> [TASK OBJECTIVE]: Leaving out the pictures, return each line of the entries from the first through the line with "關于邀請參加2017年美國芝加哥國際金屬板材加工技術展覽會的通知", and only those lines.

[RECORDS PROVIDED]

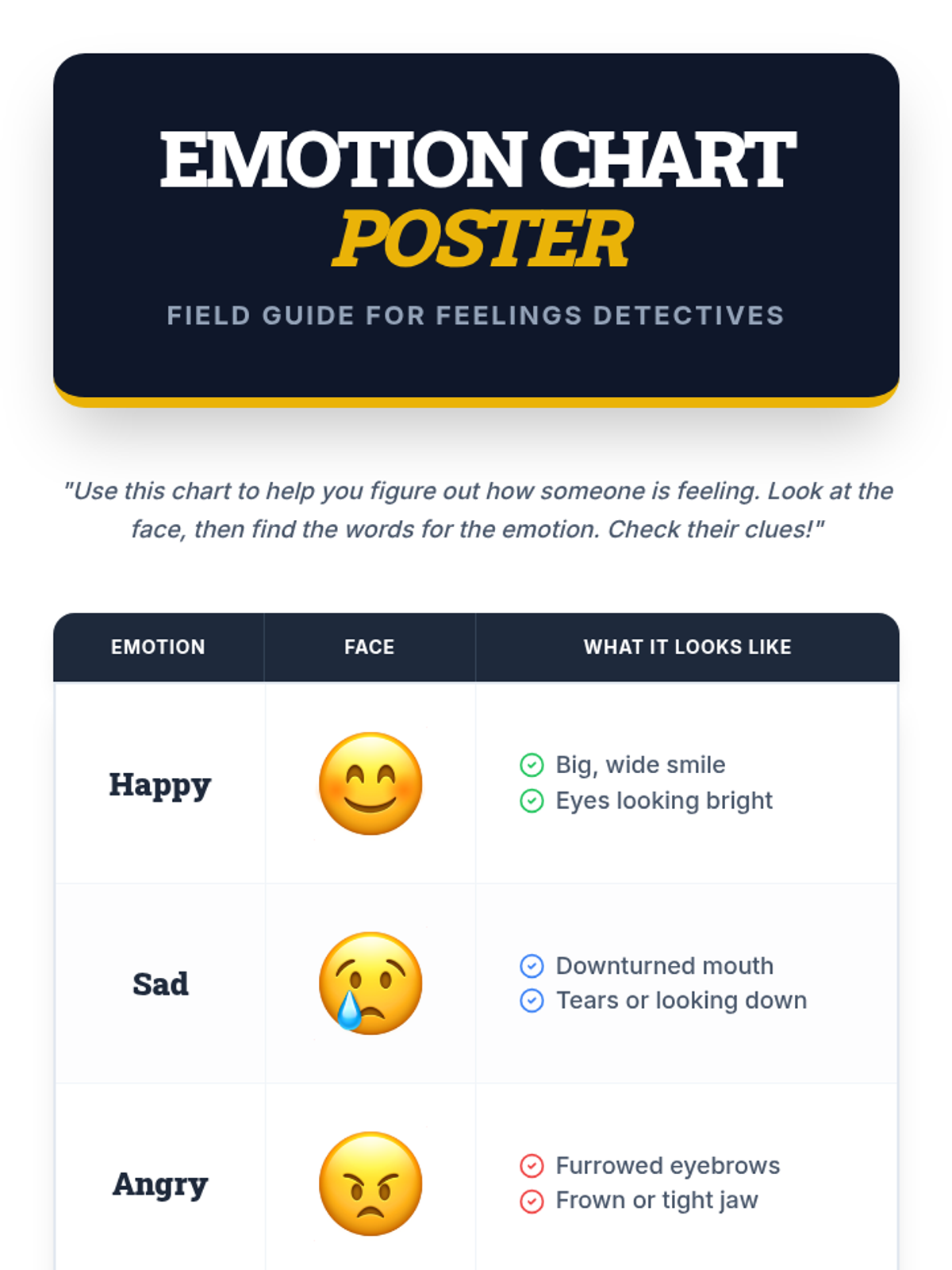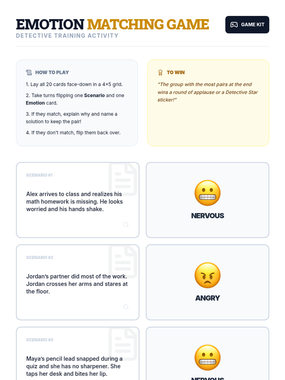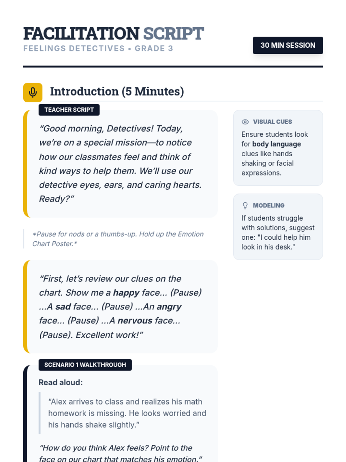 A 30-minute social-emotional learning lesson for 3rd graders that uses a detective-themed approach to identify emotions and brainstorm empathetic solutions in school scenarios.
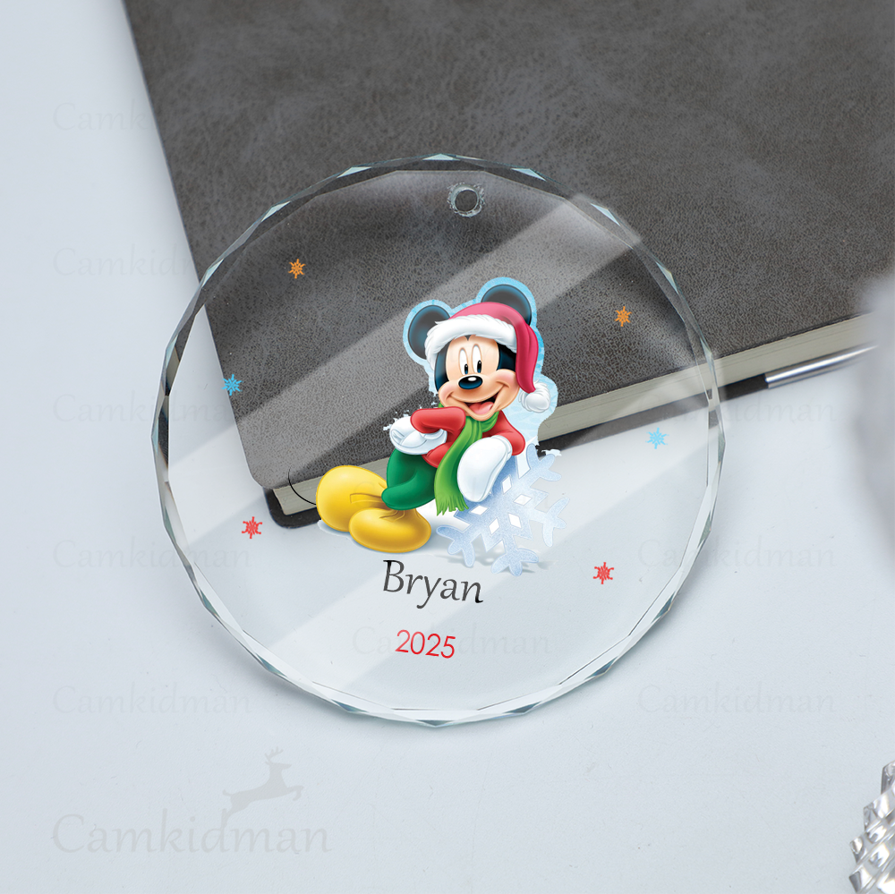 Mickey Ice Skating Personalized Name 2025 Glass Ornament gifts family
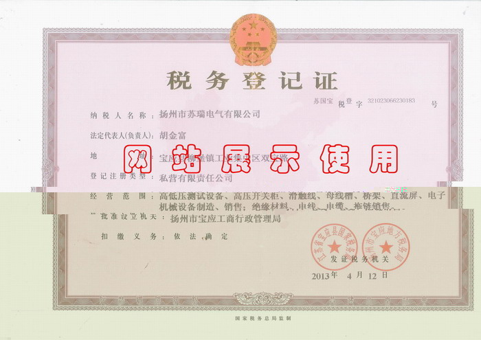 蘇瑞電氣稅務(wù)登記證
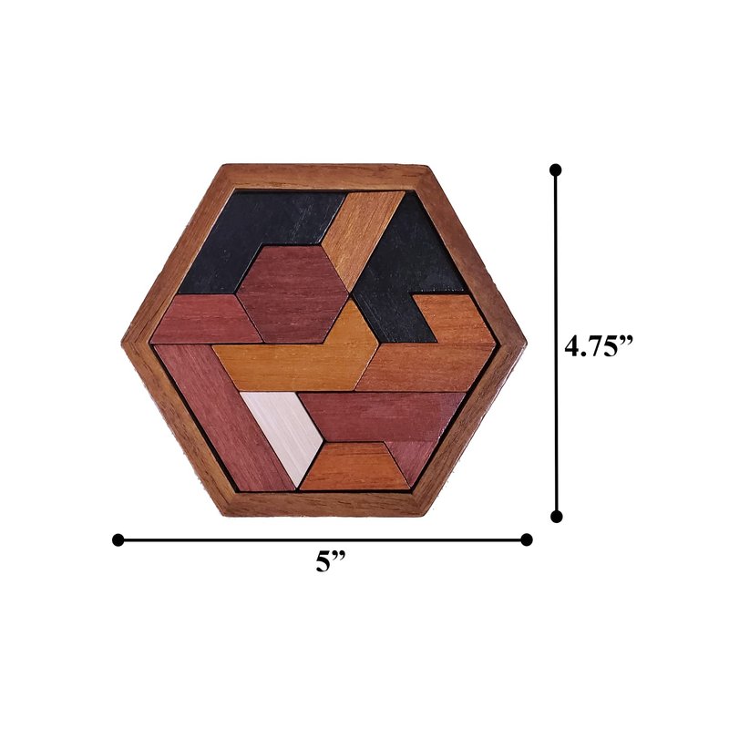 LMC Products Hexagon Wooden Puzzle Toy - Brain Teasers for Kids Ages 10-12. Also Great Brain Teaser Puzzles for Adults
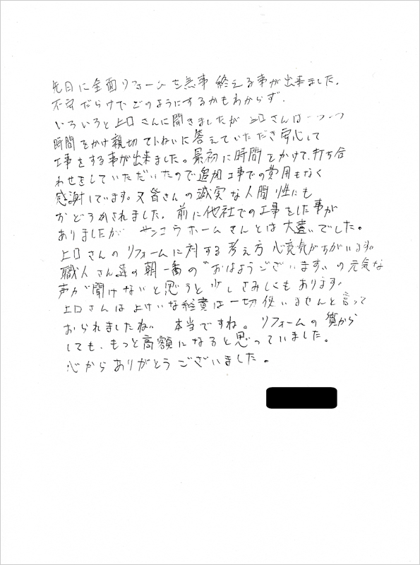 上口さんのリフォームに対する考え方、心意気がちがいます。
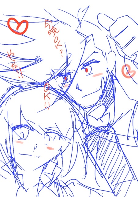 ラブっぽいのを描こうとしてる。5分ドロ。
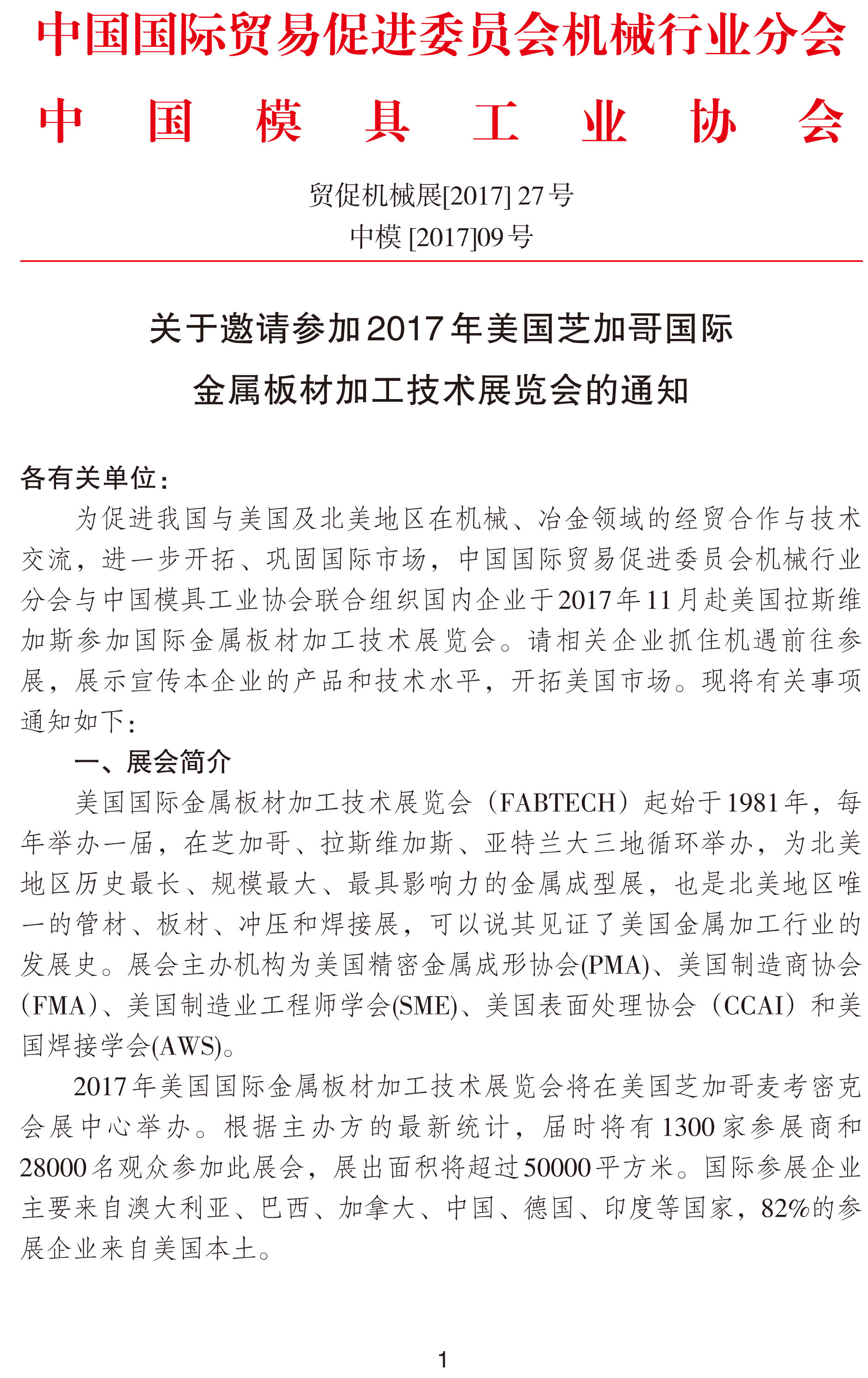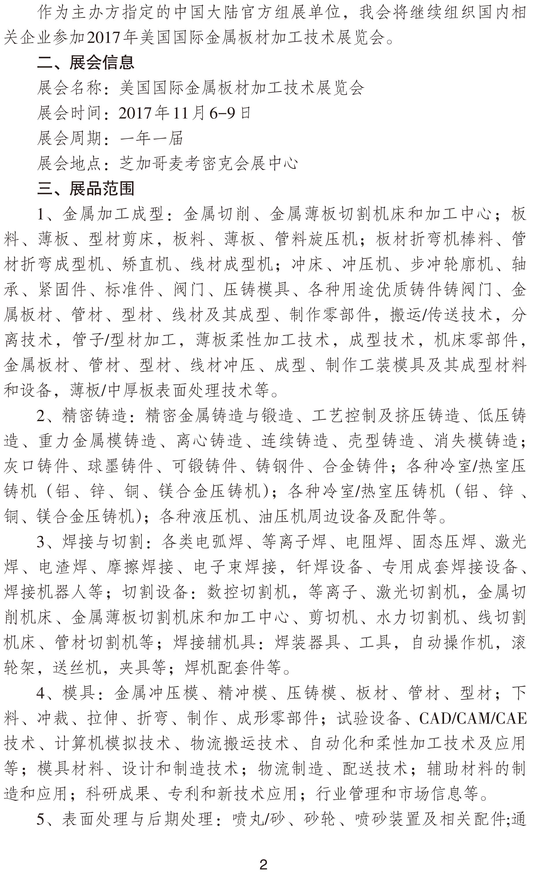 關于邀請參加2017年美國芝加哥國際金屬板材加工技術展覽會的通知
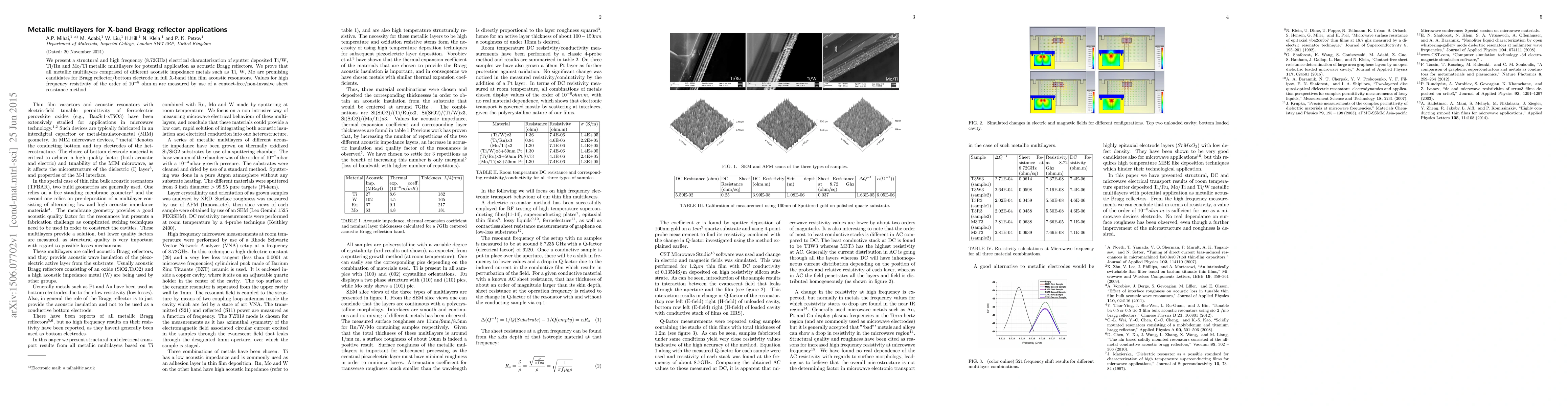 Researchers have developed metallic multilayers with high frequency resistivity suitable for X-band Bragg reflector applications, demonstrating promising candidates for acoustic resonators.
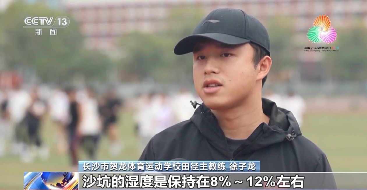 长沙市贺龙体育运动学校田径主教练 徐子龙:沙坑的湿度保持在8%~12%左右。如果沙坑湿度较高,它就会像水泥一样板硬,对运动员是一种伤害。

[/RECORDS PROVIDED]

> [SOLUTION FOR THIS EXERCISE]:
 A 30-minute social-emotional learning lesson for 3rd graders that uses a detective-themed approach to identify emotions and brainstorm empathetic solutions in school scenarios.
 Mickey Ice Skating Personalized Name 2025 Glass Ornament gifts family
 蘇瑞電氣稅務(wù)登記證
 LMC Products Hexagon Wooden Puzzle Toy - Brain Teasers for Kids Ages 10-12. Also Great Brain Teaser Puzzles for Adults
 上口さんのリフォームに対する考え方、心意気がちがいます。
 ラブっぽいのを描こうとしてる。5分ドロ。
 關于邀請參加2017年美國芝加哥國際金屬板材加工技術展覽會的通知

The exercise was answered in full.